By symmetry of upward and downward motion under gravity, distance covered in $n^{\text{th}}$ second during ascent equals distance in $(2T - n + 1)^{\text{th}}$ second during descent, where T is ascent time. $T = 5$s. 1st sec $\leftrightarrow$ 10th sec, 2nd sec $\leftrightarrow$ 9th sec, etc.
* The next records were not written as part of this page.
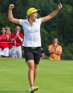 momentum and lead before she sunk another 15 foot birdie putt on the 17th to
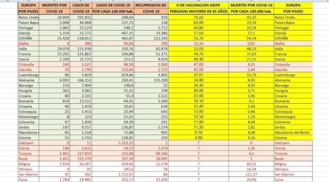 Esta es la hoja de calculo que compara vacunaciones y muertes por covid-19: A prestar atención a los números
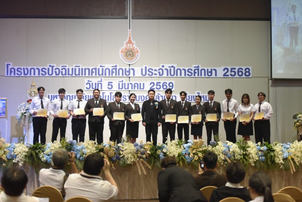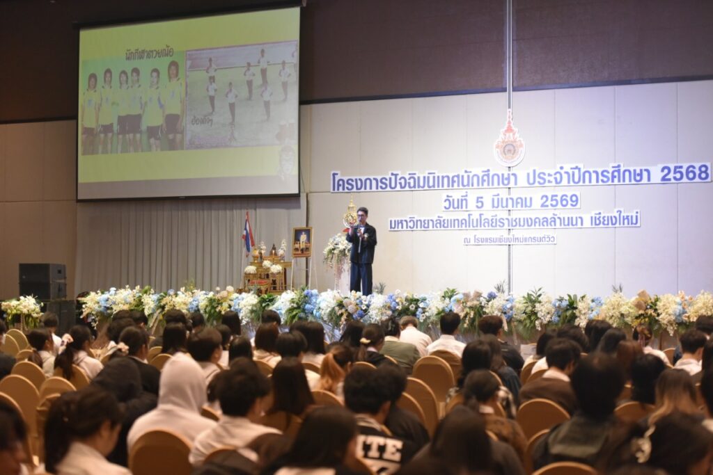 วันที่ 5 มีนาคม 2569 มหาวิทยาลัยเทคโนโลยีราชมงคลล้านนา จัดพิธีปัจฉิมนิเทศนักศึกษา ประจำปีการศึกษา 2568 เพื่อเตรียมความพร้อมให้แก่นักศึกษาชั้นปีสุดท้ายก่อนก้าวเข้าสู่เส้นทางอาชีพอย่างมั่นใจ โดยได้รับเกียรติจาก ผศ. ดร.อรรณพ ทัศนอุดม รักษาราชการแทนอธิการบดี เป็นประธานในพิธี กล่าวให้โอวาทและแนะแนวทางการดำเนินชีวิตในโลกการทำงาน พร้อมมอบประกาศนียบัตรแก่ผู้นำนักศึกษาที่ทำคุณประโยชน์ให้แก่มหาวิทยาลัย
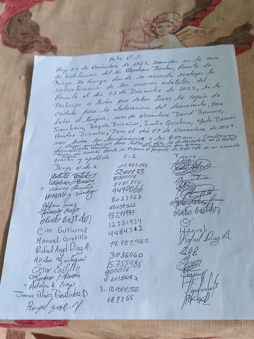 El día 5/11/2023 se acuerda y APRUEBA en reunión con los productores de Cacute, Asociación de Riego y la empresa Varietales Sur del Lago, crear la Asociación de productores de café de especialidad en CACUTE, basados en el desarrollo del proyecto MetaCafé85+
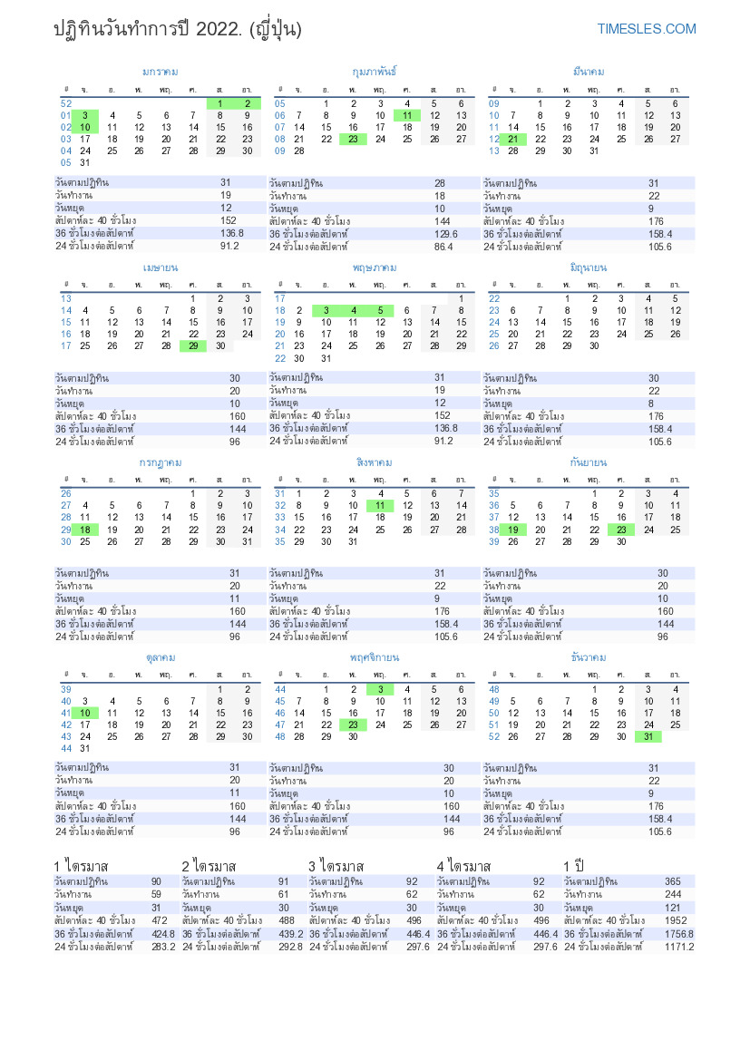 ปฏิทินวันทำงานแนวนอนสำหรับปี
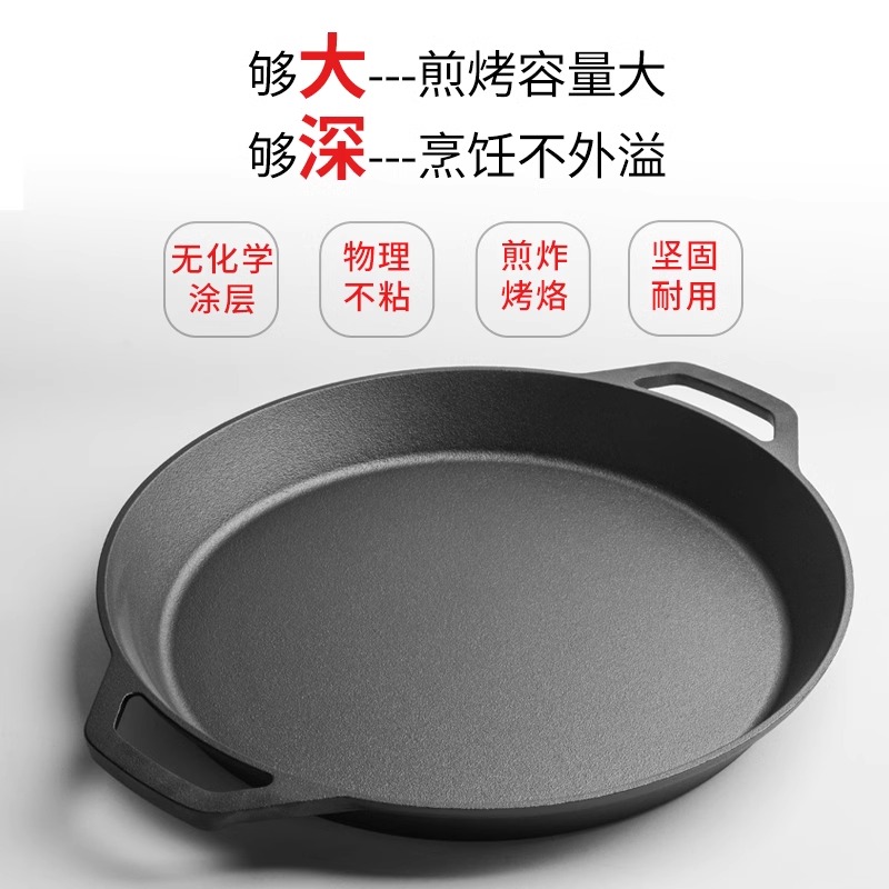 小幸福商用铁板烧烤盘家用铸铁韩式户外烤肉不沾铁板烧盘披萨盘
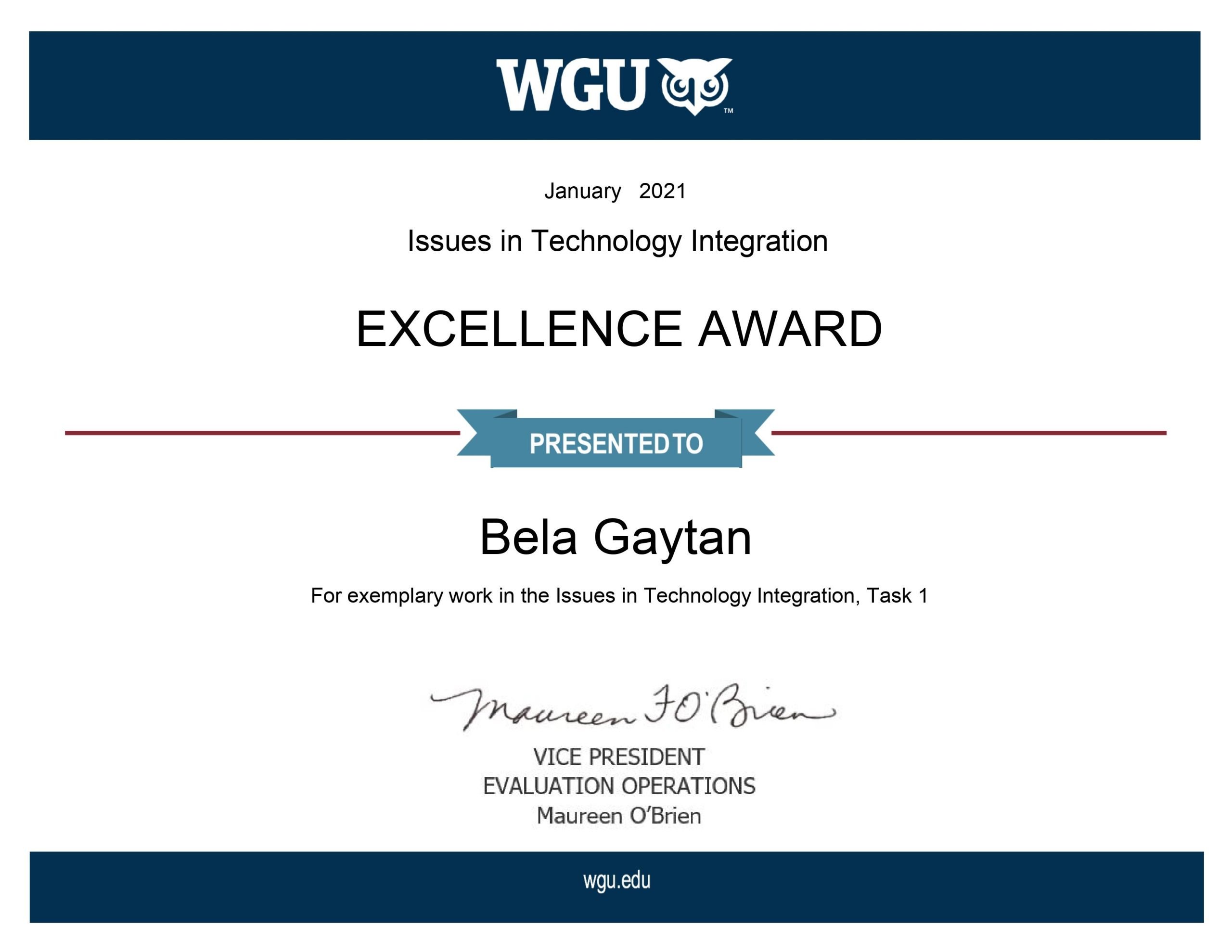 I received an award of excellence in recognition of my work submitted. According to WGU: “”
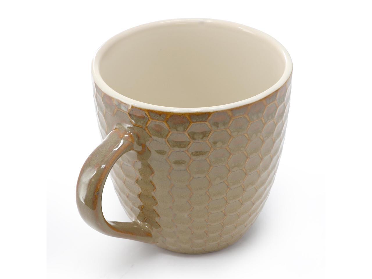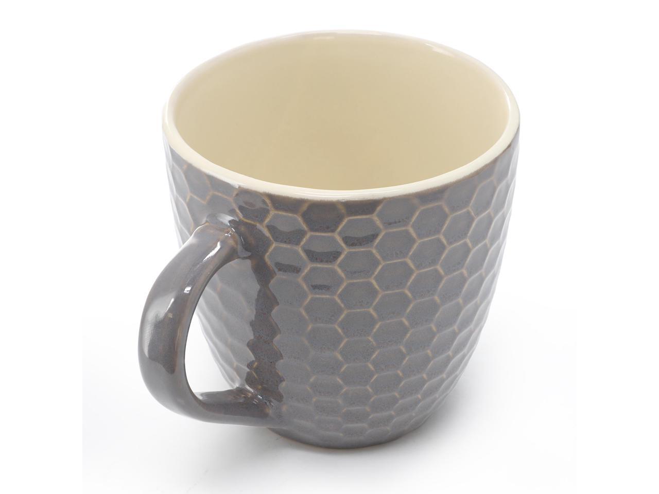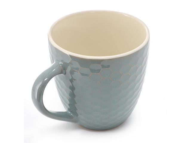 Set includes two taupe 15 oz. mugs, two teal 15 oz. mugs and two mocha 15 oz. mugs
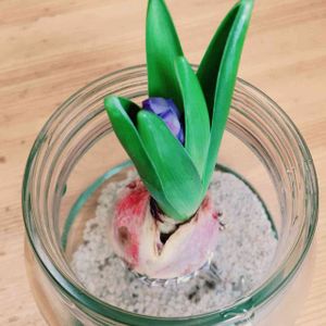 ヒヤシンス水栽培 第二弾😍 少しつぼみが顔を出してきた🥺✨ 今回は紫だ〜💜

Option (1) is correct.
By Galilean transformation, $x' = x - vt$. Differentiating once: $v' = v_x - v$. Differentiating twice: $\frac{d^{2}x'}{dt'^{2}} = \frac{d^{2}x}{dt^{2}}$, meaning acceleration is invariant in inertial frames.
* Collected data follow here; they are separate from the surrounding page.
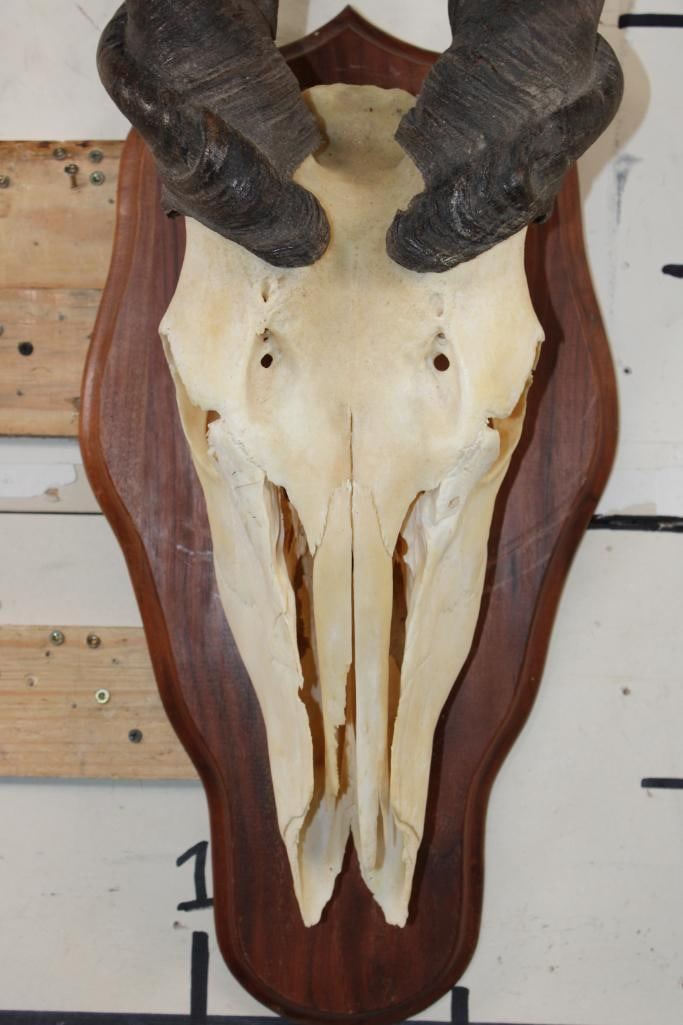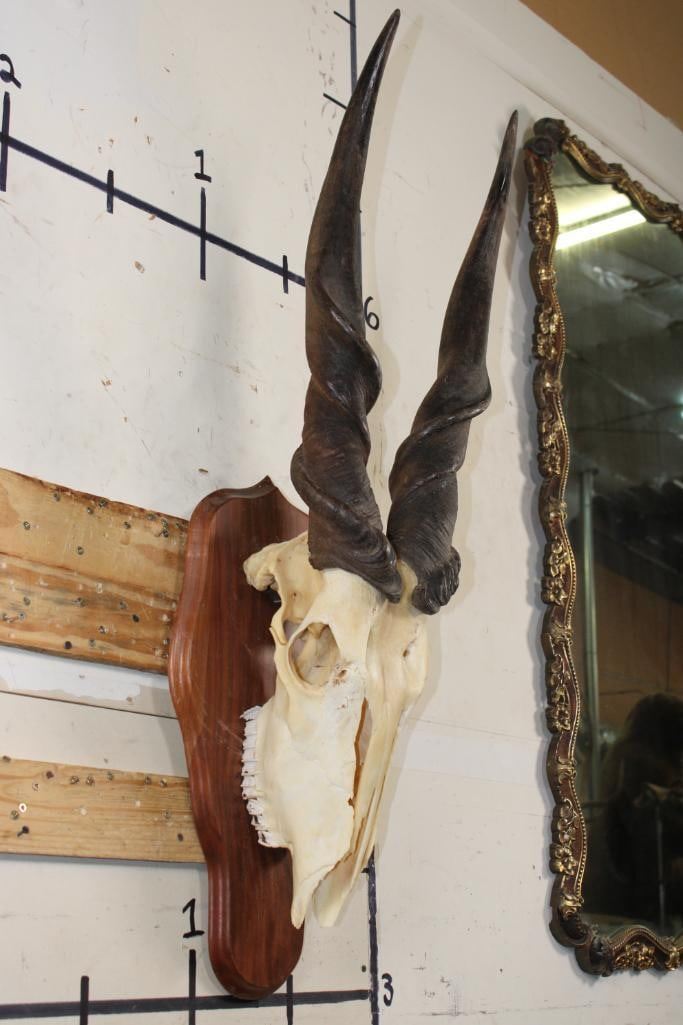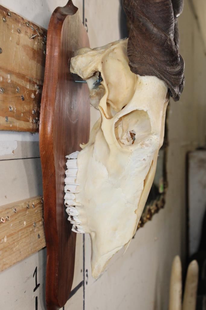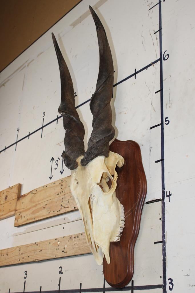 Big ELAND Skull on a Wooden Plaque. The Right Horn measures 33.5" around the spiral ridge and the Left Horn measures 32.5" around the spiral ridge. It was Taken in Zambia 2004. TAXIDERMY
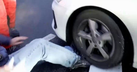 Nelle immagini si vedono delle persone (verosimilmente agenti in borghese) che, in seguito all'incidente, trascinano a bordo strada gli attivisti, di fatto interrompendo il sit-in. In questo modo hanno evitato che la loro goliardia e la rabbia degli automobilisti sia potuta sfociare in contrasti fisici come risse o peggio.
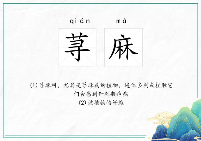 ⒈ 多年生草本植物。叶对生,卵形,开穗状小花,雌雄同株。茎叶皆有细毛,皮肤接触时能引起刺痛。茎皮纤维可作纺织原料。叶可入药,治蛇毒等症。
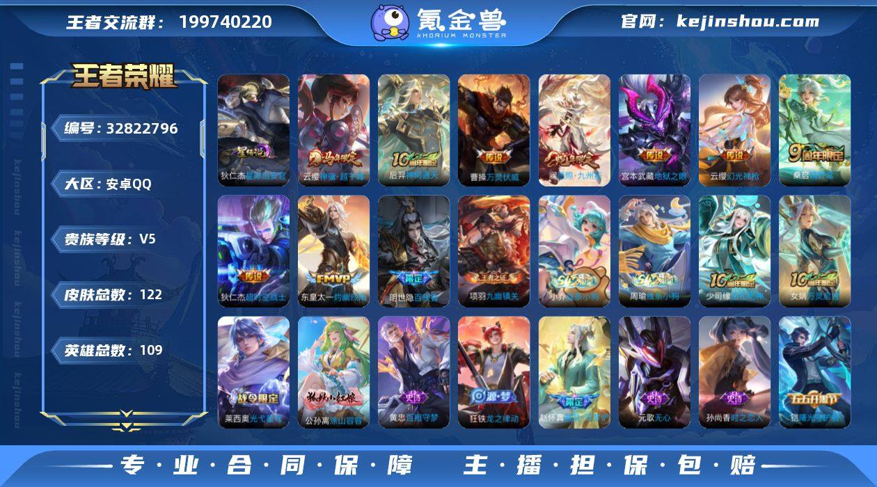 安卓Q-V5-最强王者段位-109英雄-122皮肤-9传说-35史诗 【英雄全皮】:孙权全皮,敖隐全皮 【传说皮肤】:云缨神骥越千峰,后羿神树通天,曹操万灵伏威,澜愿照九州拓,云缨幻光神枪,桑启鸣野蒿,东皇太一灼幽烈阳,宫本武藏地狱之眼,狄仁杰超时空战士 【限定皮肤】:姜子牙天穹之誓,狄仁杰阴阳师,赵云皇家上将,元歌无心,项羽海滩派对,鲁班大师探海日志,桑启海盐诗旅,鬼谷子天穹祈灯,沈梦溪龙舞盛年,刘邦剑破天穹,程咬金群星魔术团,周瑜熔金海岸 【年限皮肤】:澜愿照九州拓 【赛季限定】:桑启海盐诗旅,鲁班大师探海日志,鬼谷子天穹祈灯,刘邦剑破天穹,姜子牙天穹之誓,东皇太一噬灭天穹,太乙真人谧流熔炉,钟馗虚灵犬护,甄姬逆浪荇歌,亚瑟荣光之誓,牛魔星界战将,项羽九幽镇关 【战令限定】:莱西奥光弋星穹,明世隐往忆晖光,周瑜线条小狗,小乔线条小狗 【史诗皮肤】:明世隐百晓客,周瑜线条小狗,小乔线条小狗,项羽九幽镇关,少司缘巫礼祀神,女娲万灵启世,莱西奥光弋星穹,公孙离涂山容容,黄忠百相守梦,狂铁龙之律动,赵怀真器灵浮梦炉,弈星万物之道,牛魔星界战将,元歌无心,沈梦溪月团寄思,杨戬天秀启明,孙尚香时之恋人,小乔青蛇,狄仁...

$\vec{u} = v_{0}\hat{j}$. $\vec{v}(t) = at\hat{i} + (v_{0} - gt)\hat{j}$.
For $\vec{v}$ to rotate by $90^{\circ}$, it must become horizontal (i.e., y-component becomes 0).
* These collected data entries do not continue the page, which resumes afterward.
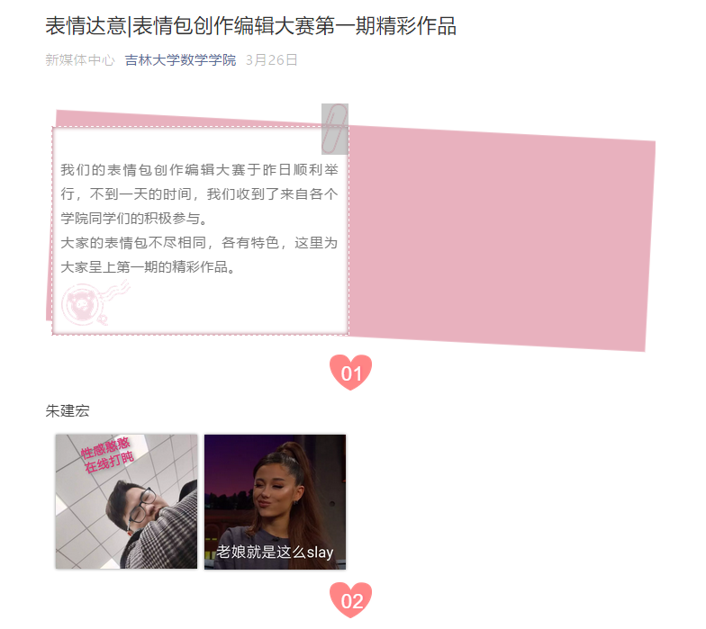 新媒体中心于3月24日至3月25日进行活动的前期准备,准备包括活动方案的策划,奖品的准备和活动宣传,布置下任务后,交由各班班长通知,在校本科员工自愿参加,独立设计,严禁抄袭,保证作品的原创性。同时数院微信平台等全线宣传造势,宣传期间由新闻与摄影部全程持续跟踪指导并耐心回答同学们有关本活动的问题。紧接着3月25日至3月27日公司公众号上进行了前期宣传与作品征集。每个设计作品须保证原创性,保证表情包内容有意义,没有不文明用语,并以图稿的形式呈现。参赛选手将图稿、对应文字以及联系方式发送至365英国上市公司微信公众号后台,由负责人把参赛同学所设计的作品进行整理,并于次日在推送中展示,作品发布后,引起了同学们在公众号留言区域的广泛讨论。并于3月28日至3月29日在平台上发布线上投票,投票结果于9日晚上在平台上公布,颁发一个一等奖、两个二等奖、三个三等奖,以及参与奖,负责人及时联系获奖参赛者,送出奖品及合影留念,于15日晚在推送中放出颁奖照片及获奖作品。
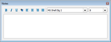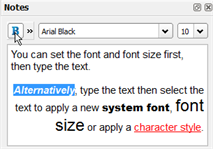 The Notes dock provides tools to change the text font, font size, and apply character formatting to notes text.
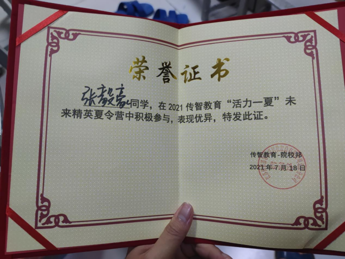 夏令营结束,张毅豪同学获得“优秀营员”荣誉称号。经过开营仪式、名企参观、讲师授课、素质拓展、北京一日游等多种活动形式,张毅豪同学收获颇丰,同时,感谢公司提供此次锻炼机会,他表示要更加刻苦学习,充实自己的理论知识,不断延伸视野,不断提升自己的专业技能和综合能力。
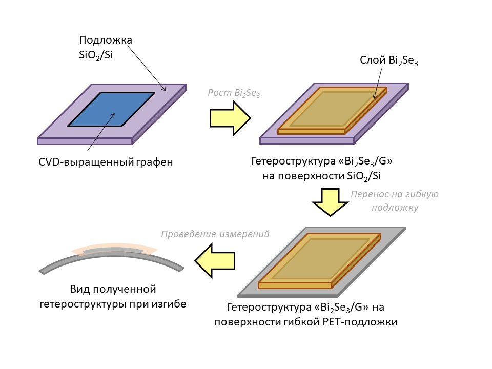 «Селенид висмута — соединение, известное как топологический изолятор. При осаждении из газовой фазы селенида висмута на графеновых пленках, он растет с более высокой скоростью и более высоким качеством пленки, по сравнению с ростом, например, на слюде. Такой слой, толщиной 20-40 нанометров, устойчив к механическим воздействиям: структуру можно согнуть до формирования прямого угла (радиус изгиба менее полутора миллиметров), и ее электрофизические характеристики сохранятся. Пленки Bi2Se3, осажденные на графене (в сравнении с пленками, выращенными на слюде и перенесенными на гибкую подложку) — более качественные, с низкой дефектностью, с хорошей границей раздела между слоями графена и селенида висмута.

$v_{0} - gt = 0 \Rightarrow t = \frac{v_{0}}{g}$.
Horizontal distance $x = \frac{1}{2}at^{2} = \frac{1}{2}a\left(\frac{v_{0}}{g}\right)^{2} = \frac{av_{0}^{2}}{2g^{2}}$.
Let the first stone fall for time $t$. $h = \frac{1}{2}gt^{2}$.
The second stone falls for time $t-1$. $h - 20 = \frac{1}{2}g(t-1)^{2}$.
Subtracting the two: $20 = \frac{1}{2}g [t^{2} - (t-1)^{2}] = 5(2t-1)$.
$2t - 1 = 4 \Rightarrow 2t = 5 \Rightarrow t = 2.5 \text{ s}$.
$h = \frac{1}{2} \times 10 \times (2.5)^{2} = 5 \times 6.25 = 31.25 \text{ m}$.
$a = \frac{dv}{dt} = \alpha - \beta v$
$\int_{0}^{v} \frac{dv}{\alpha - \beta v} = \int_{0}^{t} dt$
$\frac{\ln(\alpha - \beta v)}{-\beta}\Big|_{0}^{v} = t \Rightarrow \ln\left(\frac{\alpha - \beta v}{\alpha}\right) = -\beta t \Rightarrow \alpha - \beta v = \alpha e^{-\beta t}$
$v = \frac{\alpha}{\beta}(1 - e^{-\beta t})$.
From the given acceleration-time graph:
For $0 < t \le 1$: $a=2$, so $v = 2t$, $S_1 = \frac{1}{2}(2)(1^2) = 1 \text{ m}$. Velocity at $t=1$ is $2 \text{ m/s}$.
For $1 < t \le 2$: $a=0$, constant velocity $v=2 \text{ m/s}$. $S_2 = 2 \times 1 = 2 \text{ m}$.
For $2 < t \le 3$: $a=-2$, retarding to 0. $S_3 = ut + \frac{1}{2}at^2 = 2(1) - \frac{1}{2}(2)(1^2) = 1 \text{ m}$.
Total distance $= 1 + 2 + 1 = 4 \text{ m}$.
Velocity after 30s: $v(30) = 0 + 10 \times 30 = 300 \text{ m/s}$.
After fuel finishes, it undergoes free fall under gravity. Time to reach max height from this point $= \frac{v}{g} = \frac{300}{10} = 30 \text{ s}$.
Total time from firing $= 30 + 30 = 60 \text{ s}$.
Initial velocity of stone $u = 12 \text{ m/s}$ (downwards).
$S = ut + \frac{1}{2}gt^{2} = 12(10) + \frac{1}{2}(9.8)(10)^{2} = 120 + 490 = 610 \text{ m}$.